**Exercise directions**
Output all of the data exactly, keeping any images out of the copy.

**Given data**
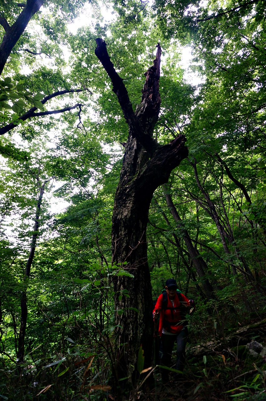한벗 샘을 약간 지나 능선을 따라 걷든 길에서 좌측 단천 지능으로 접어들었다.
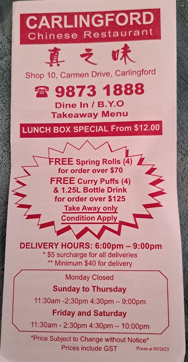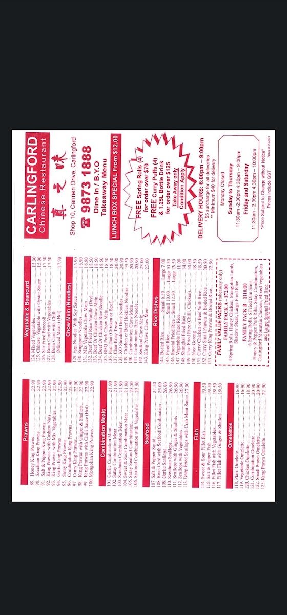 Whether you're here for a casual meal or takeaway, Carlingford Chinese Restaurant promises a delicious, satisfying dining experience that keeps patrons coming back for more!
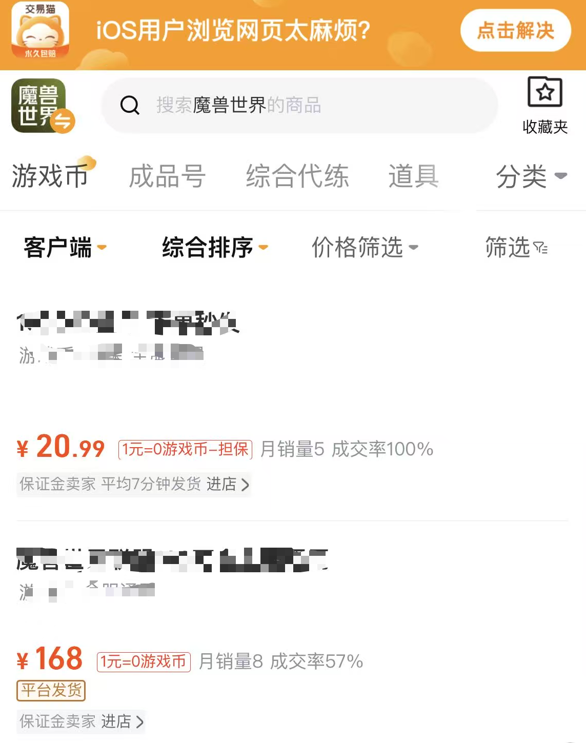 總之想要買金幣的話,交易貓這個平臺就很不錯。它專門有魔獸世界金幣交易的分區(qū),找起來很方便。交易過程有平臺托管,安全有保障。從交易開始到結束,每個環(huán)節(jié)都考慮得很周到。還有公平公正的信用體系。不管你用的是安卓手機還是蘋果手機,都能很快上手,輕松完成金幣交易。如果你還在為魔獸金幣交易的安全和便捷而煩惱,那么不妨選擇交易貓。
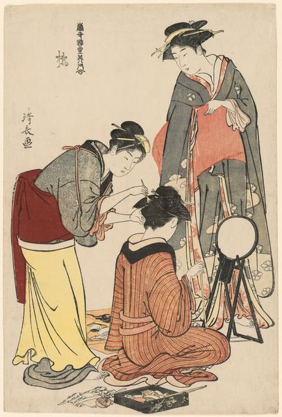 Editor: This print, "A Young Nobleman, His Mother, and Three Servants, from the series "A Brocade of Eastern Manners", by Torii Kiyonaga, dates back to around 1783 or 1784. The way everyone is looking off in their own direction gives me a really curious, almost secretive feeling. What stands out to you most in this Ukiyo-e print? Curator: The arrangement of figures in a single line, that's a deliberate compositional choice which brings a specific visual cadence! They're processional, aren't they? Leading our eye along, yet each holds a distinct, almost private world within their gaze. Imagine yourself stepping into their shoes – silk slippers, of course. What story would you tell from within that brocade of Eastern manners? What scents do you catch on the breeze, what unspoken words hang in the air? Editor: That's so evocative. I hadn't really thought about it that way, as if I was *there.* So, it’s less about a snapshot, more about an atmosphere? Curator: Exactly! Kiyonaga’s prints weren't simply documenting; they were creating a mood, a sense of sophisticated leisure and a touch of poignant mystery. They invite us to not just look, but to linger and invent. Tell me, does it remind you of any stage dramas, any dreams you've once dreamt of, or perhaps a fragment of a tale you might craft into existence? Editor: It almost feels like a story waiting to be written. Thanks! Curator: A mutual learning, truly! I feel enlightened by considering your perception. The invitation to perceive what doesn’t immediately meet the eye – now *that*’s the magic.
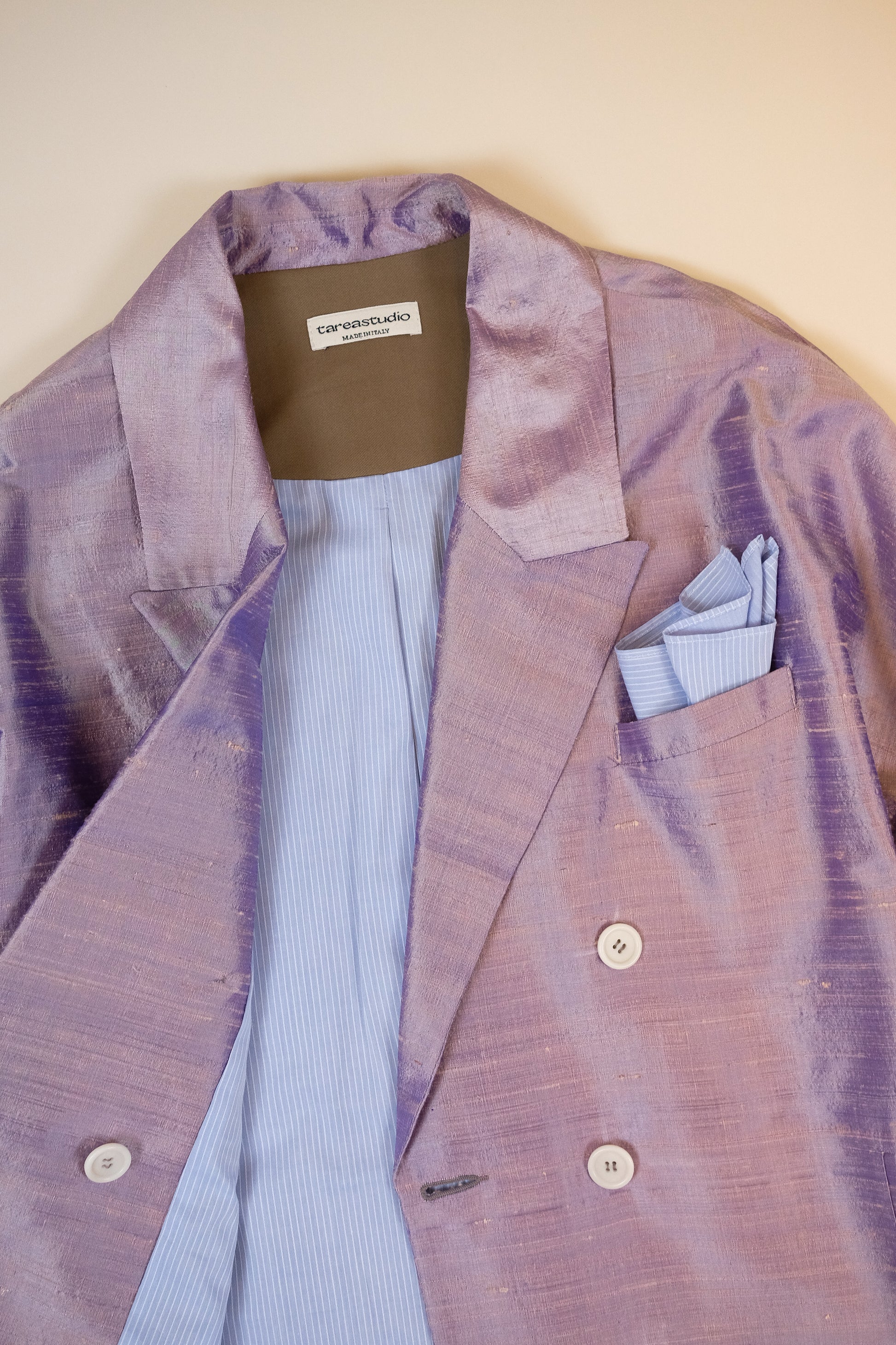 Esterno in pregiato rasatello Shantung di seta. Foderata in popeline di cotone a righe. Costruzione morbida, priva di spalline. Bottoni in corozo a 4 fori, color naturale. Tasche laterali verticali e taschino frontale con pochette coordinata.

**Task output**
한벗 샘을 약간 지나 능선을 따라 걷든 길에서 좌측 단천 지능으로 접어들었다.
 Whether you're here for a casual meal or takeaway, Carlingford Chinese Restaurant promises a delicious, satisfying dining experience that keeps patrons coming back for more!
 總之想要買金幣的話,交易貓這個平臺就很不錯。它專門有魔獸世界金幣交易的分區(qū),找起來很方便。交易過程有平臺托管,安全有保障。從交易開始到結束,每個環(huán)節(jié)都考慮得很周到。還有公平公正的信用體系。不管你用的是安卓手機還是蘋果手機,都能很快上手,輕松完成金幣交易。如果你還在為魔獸金幣交易的安全和便捷而煩惱,那么不妨選擇交易貓。
 Editor: This print, "A Young Nobleman, His Mother, and Three Servants, from the series "A Brocade of Eastern Manners", by Torii Kiyonaga, dates back to around 1783 or 1784. The way everyone is looking off in their own direction gives me a really curious, almost secretive feeling. What stands out to you most in this Ukiyo-e print? Curator: The arrangement of figures in a single line, that's a deliberate compositional choice which brings a specific visual cadence! They're processional, aren't they? Leading our eye along, yet each holds a distinct, almost private world within their gaze. Imagine yourself stepping into their shoes – silk slippers, of course. What story would you tell from within that brocade of Eastern manners? What scents do you catch on the breeze, what unspoken words hang in the air? Editor: That's so evocative. I hadn't really thought about it that way, as if I was *there.* So, it’s less about a snapshot, more about an atmosphere? Curator: Exactly! Kiyonaga’s prints weren't simply documenting; they were creating a mood, a sense of sophisticated leisure and a touch of poignant mystery. They invite us to not just look, but to linger and invent. Tell me, does it remind you of any stage dramas, any dreams you've once dreamt of, or perhaps a fragment of a tale you might craft into existence? Editor: It almost feels like a story waiting to be written. Thanks! Curator: A mutual learning, truly! I feel enlightened by considering your perception. The invitation to perceive what doesn’t immediately meet the eye – now *that*’s the magic.
 Esterno in pregiato rasatello Shantung di seta. Foderata in popeline di cotone a righe. Costruzione morbida, priva di spalline. Bottoni in corozo a 4 fori, color naturale. Tasche laterali verticali e taschino frontale con pochette coordinata.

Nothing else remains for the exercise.